# SOURCE DATA:
/---
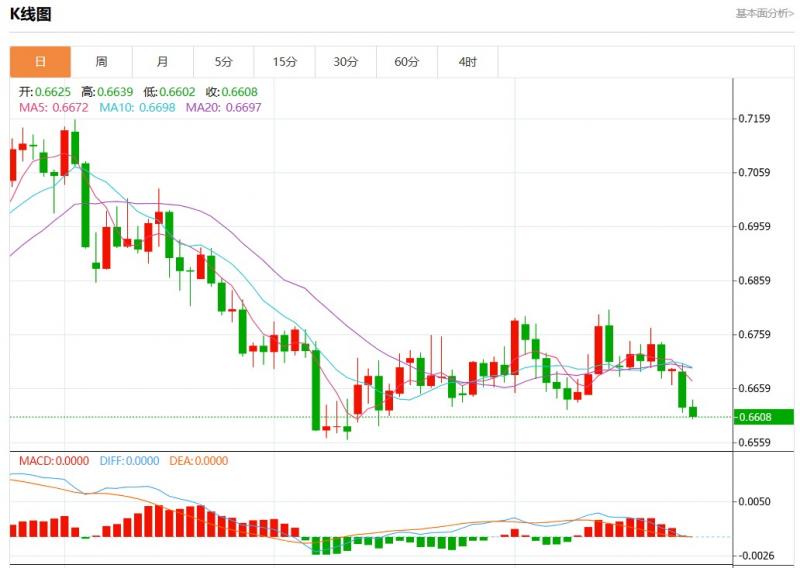 周三盘中,澳元美元报0.6608,跌幅0.28%。 今日分析:在0.6800之下,看跌,目标价位为0.6560,然后为0.6420。 备选策略:在0.6800上,看涨,目标价位定在0.6920,然后为0.7030。 技术点评:RI技术指标向下运行。 支撑位:0.70300.69200.6800 阻力
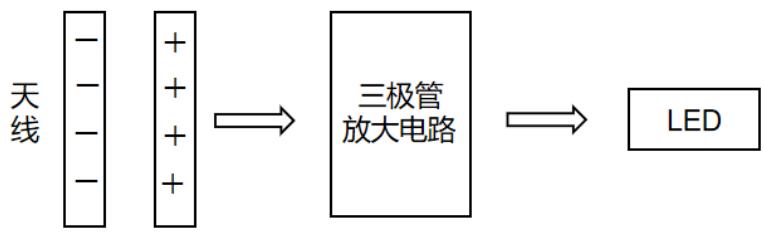 综上所述,我们电路设计思路如下图所示。首先通过探测天线感应外部电荷的运动电场变化,产生感应电流。由于感应电流的大小为 级别,非常微弱,需要经过三极管电路放大之后达到 级别才可以点亮 LED。值得注意的是,该电路是通过感应电场变化的方式来间接测量口罩的静电荷,LED 的亮度在一定范围内与电场强度正相关,所以电路可以大致判断静电的量从而能够分辨有效口罩和无效口罩。
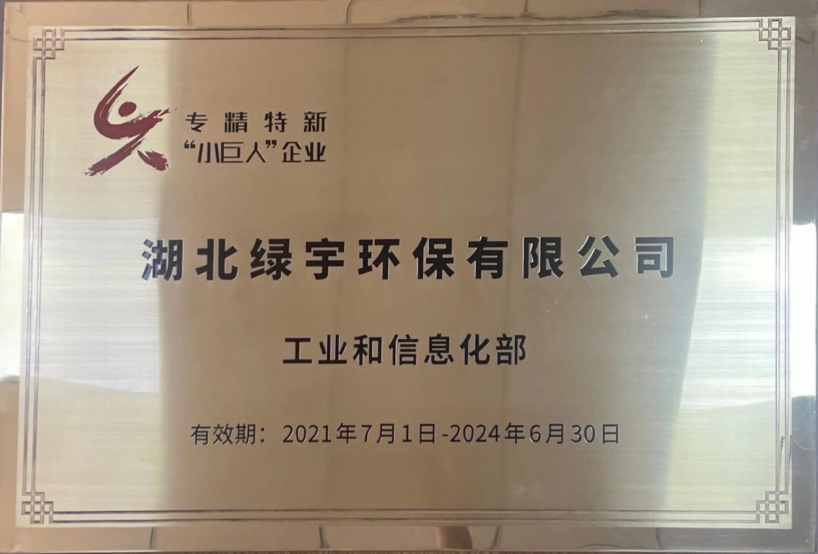 湖北綠宇環(huán)保有限公司成功評(píng)選為2021年國家級(jí)專精特新“小巨人”企業(yè)
\---
# EXERCISE INSTRUCTIONS:
Word for word, reproduce the material above and omit each image.

# ANSWER FOR THIS EXERCISE:
 周三盘中,澳元美元报0.6608,跌幅0.28%。 今日分析:在0.6800之下,看跌,目标价位为0.6560,然后为0.6420。 备选策略:在0.6800上,看涨,目标价位定在0.6920,然后为0.7030。 技术点评:RI技术指标向下运行。 支撑位:0.70300.69200.6800 阻力
 综上所述,我们电路设计思路如下图所示。首先通过探测天线感应外部电荷的运动电场变化,产生感应电流。由于感应电流的大小为 级别,非常微弱,需要经过三极管电路放大之后达到 级别才可以点亮 LED。值得注意的是,该电路是通过感应电场变化的方式来间接测量口罩的静电荷,LED 的亮度在一定范围内与电场强度正相关,所以电路可以大致判断静电的量从而能够分辨有效口罩和无效口罩。
 湖北綠宇環(huán)保有限公司成功評(píng)選為2021年國家級(jí)專精特新“小巨人”企業(yè)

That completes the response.